▶ **Requirement**: Begin with the first line below and retype each line exactly through the line containing "front of TOPSHOP". Any pictures are to be left out.

▶ **Data provided**:
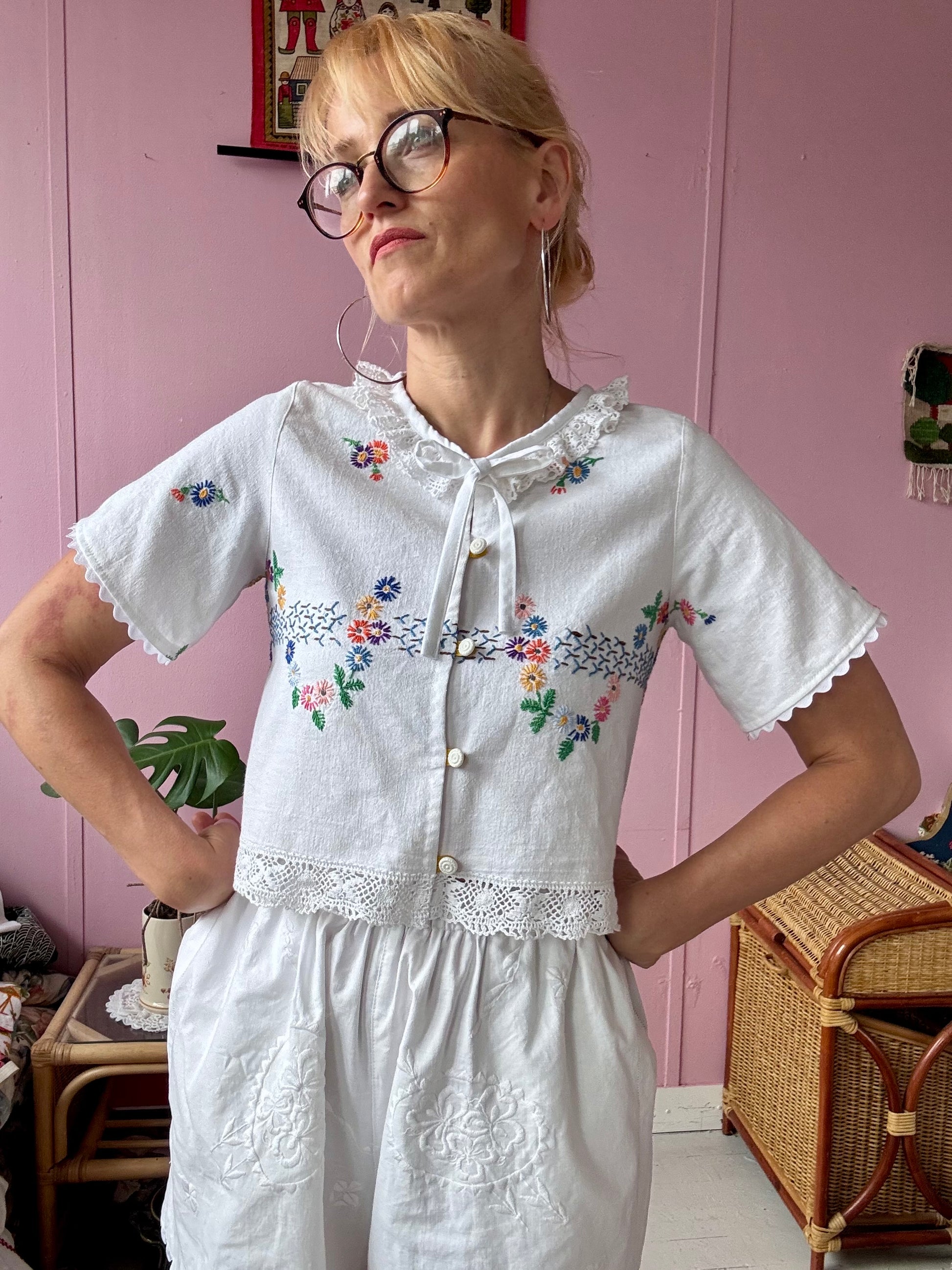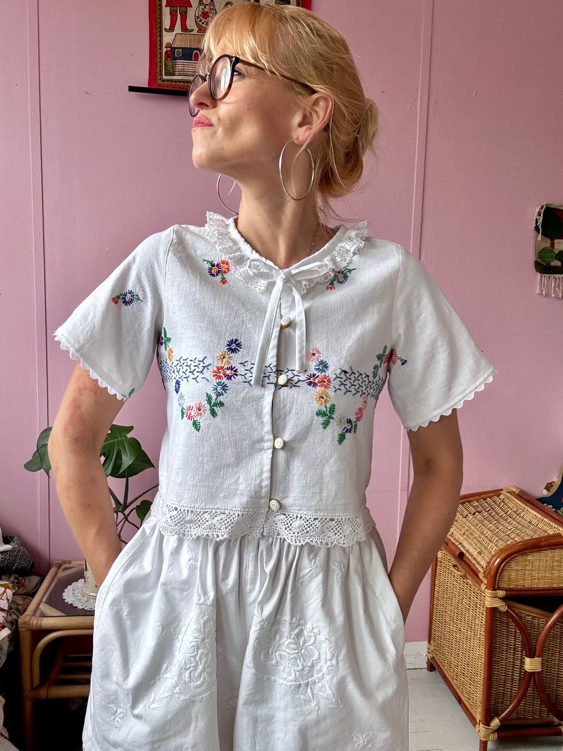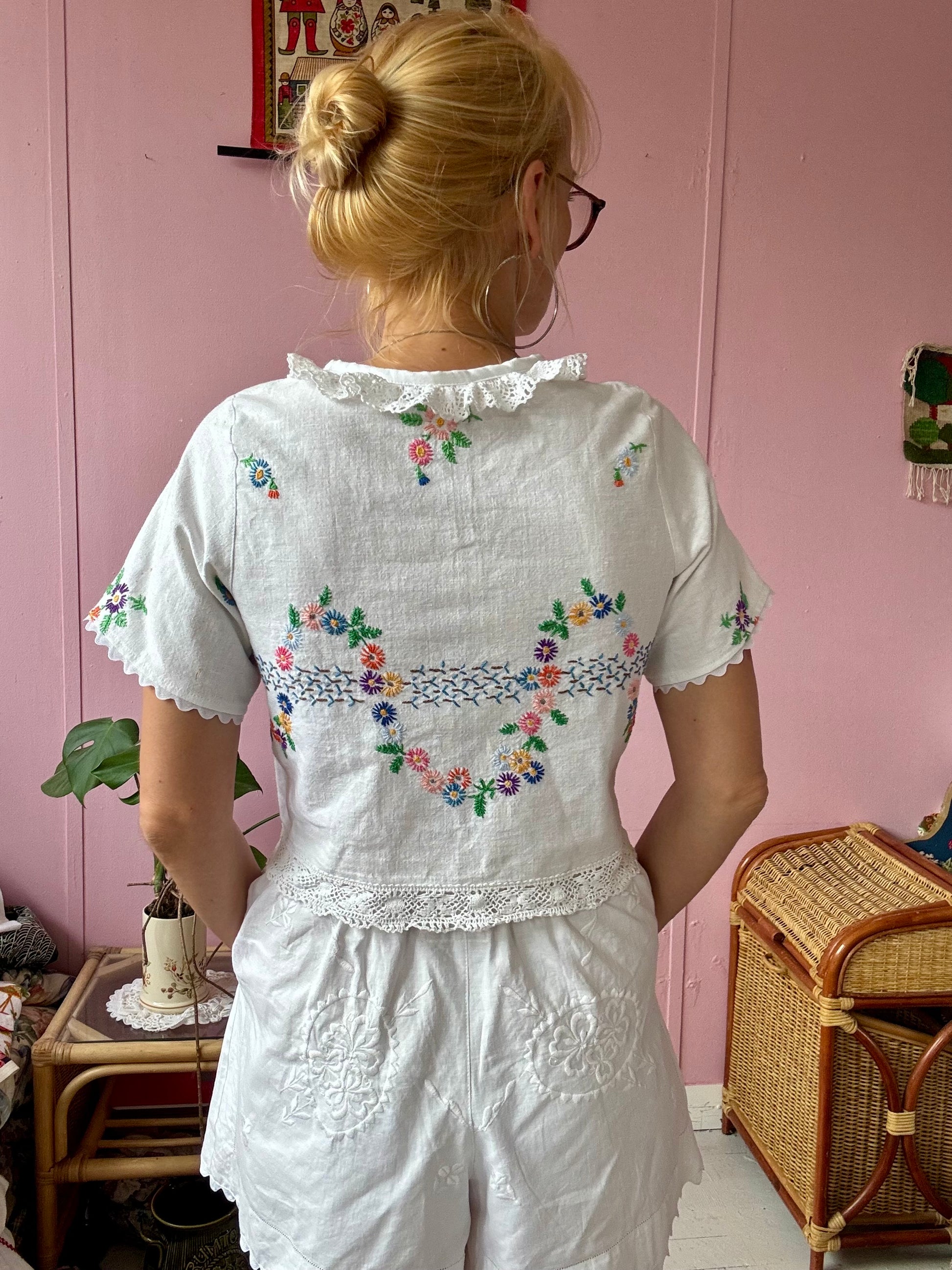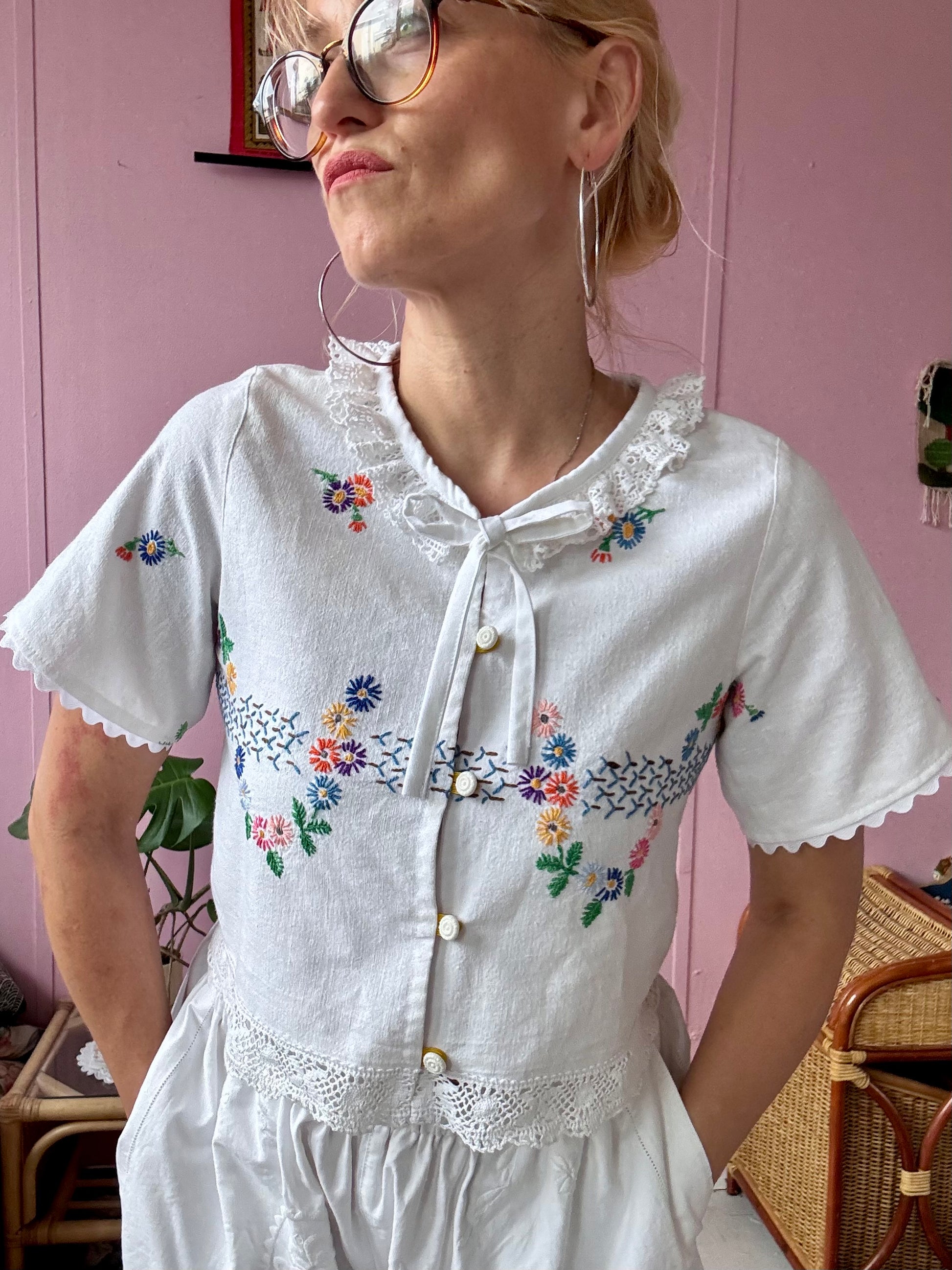 White blouse made from vintage tablecloth with floral hand embroidery -cottton material
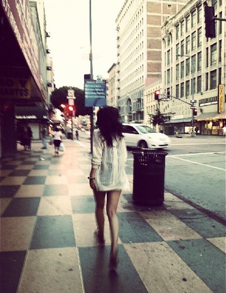 “in front of TOPSHOP at the grove ; ) clothes and shoes,
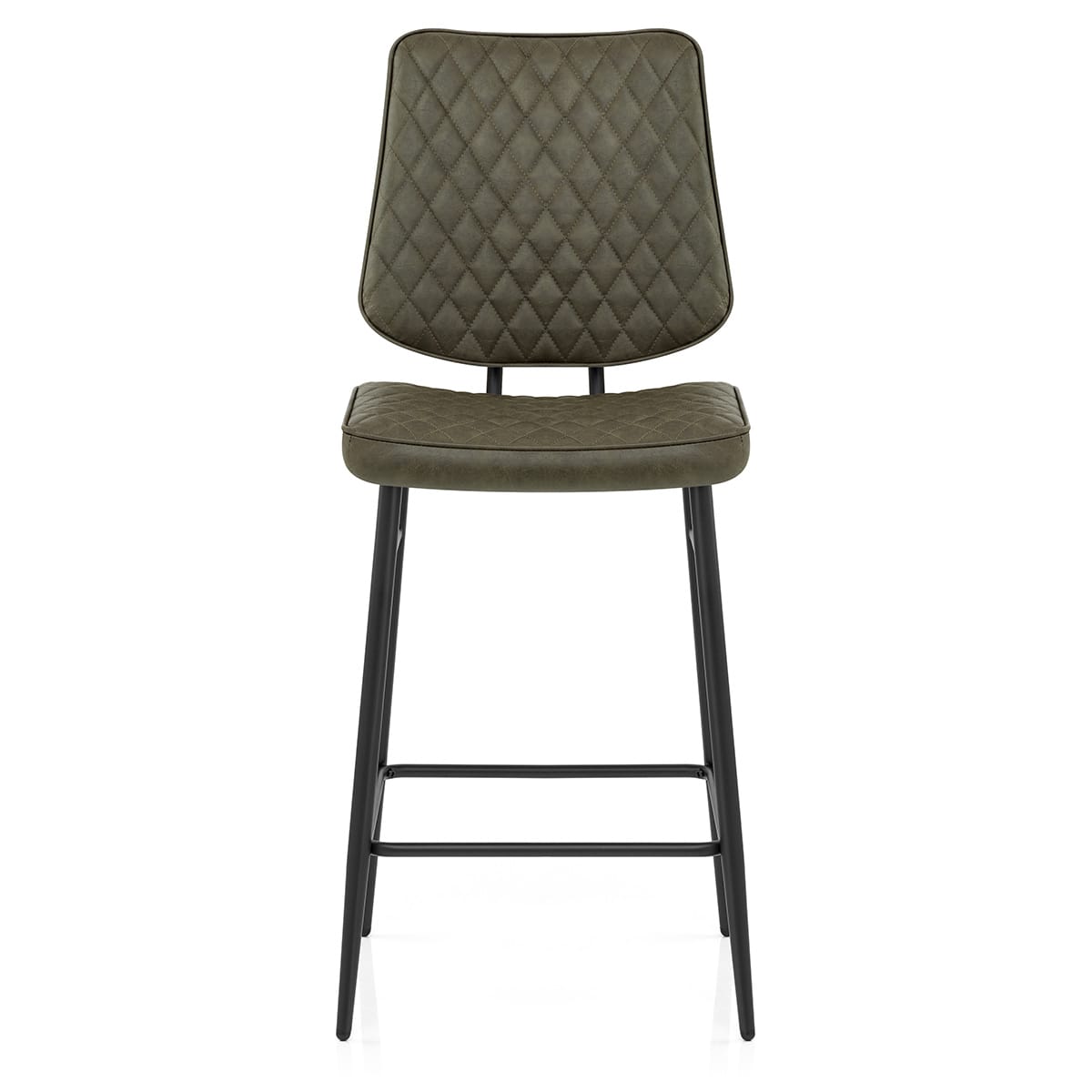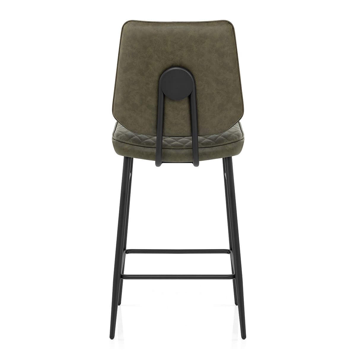 Padded for the upmost comfort, both the seat pad and the elevated backrest are upholstered in a glorious shade of green faux leather. Linked together by two black metal connectors, both the pad top and inner back are detailed with a decorative diamond stitch and the separation of the two elements makes for an airy and visually minimalistic design.
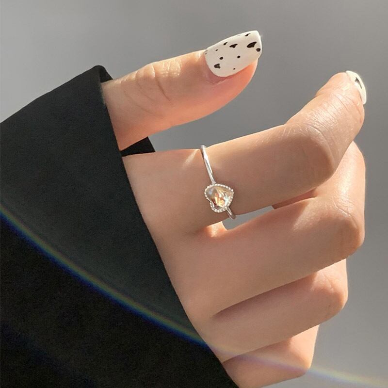 送料無料 ANENJERYシルバーカラーハートクリスタルオープニングリング結婚指輪女性高級ジュエリーギフト 銀 アクセサリー AE165546423663430
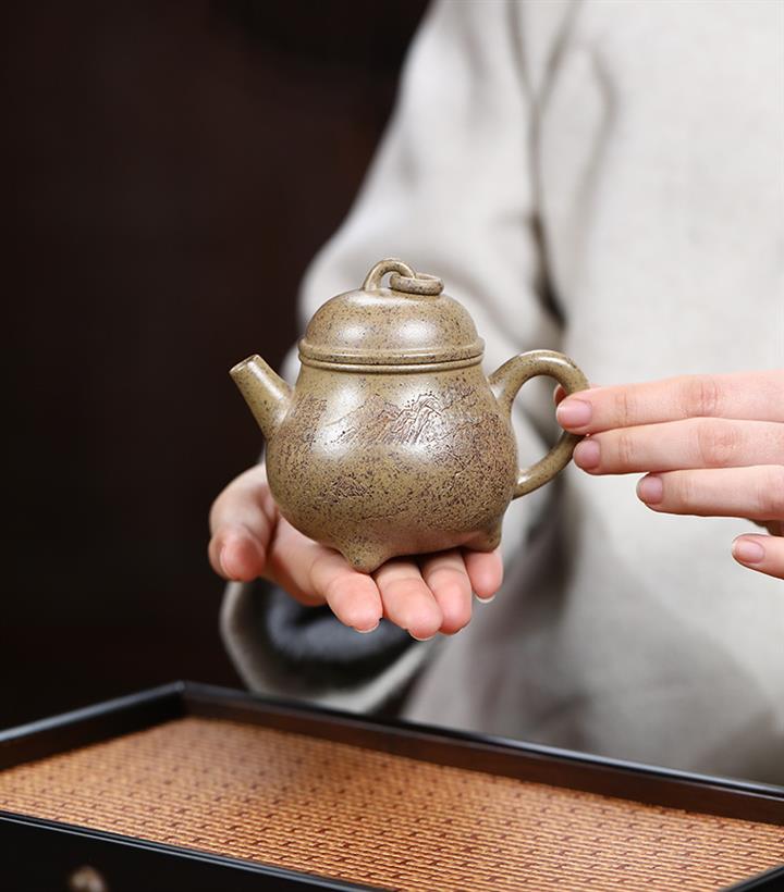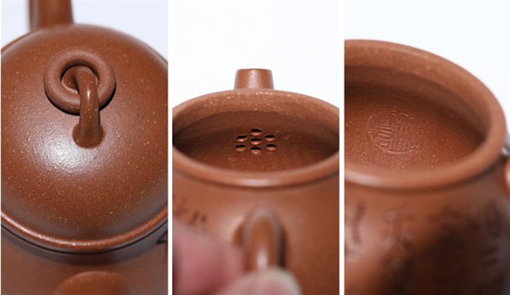 【泥料特點】砂土氣重,似淳實農民,日久使用,漸露鋒芒,養成變化,溫潤莊重。紫砂是壹種雙重氣孔結構的多孔性材質,氣孔微細,密度高。用紫砂壺沏茶,不失原味,且香不渙散,得茶之真香真味。紫砂使用越久,壺身色澤越發光亮照人,氣韻溫雅。紫砂壺長久使用器身會因撫摸擦拭,變得越發溫潤光澤。
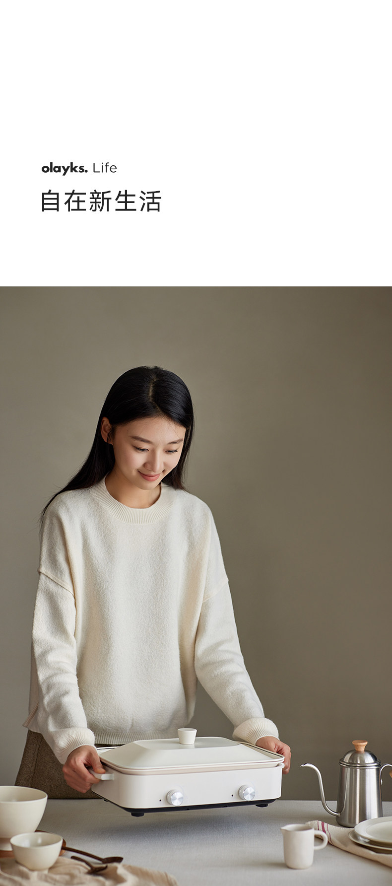 Olayks Instant Multi-Functional Cooking Pot for Home Use, Grilling and Boiling All-In-One Pot, Barbecue, Steaming, Frying, Stewing, Electric Hot Pot
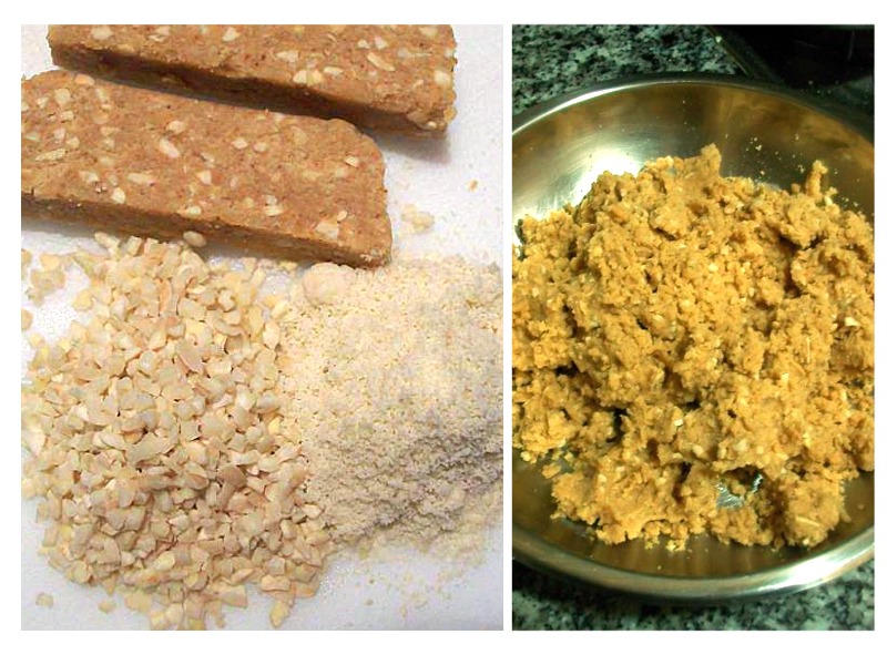 En la foto de la izquierda podemos apreciar los dos tipos de harina de almendra, yo ya la compro molida, pero si no la encontráis la podéis triturar en casa.

▶ **Exercise answer**:
 White blouse made from vintage tablecloth with floral hand embroidery -cottton material
 “in front of TOPSHOP at the grove ; ) clothes and shoes,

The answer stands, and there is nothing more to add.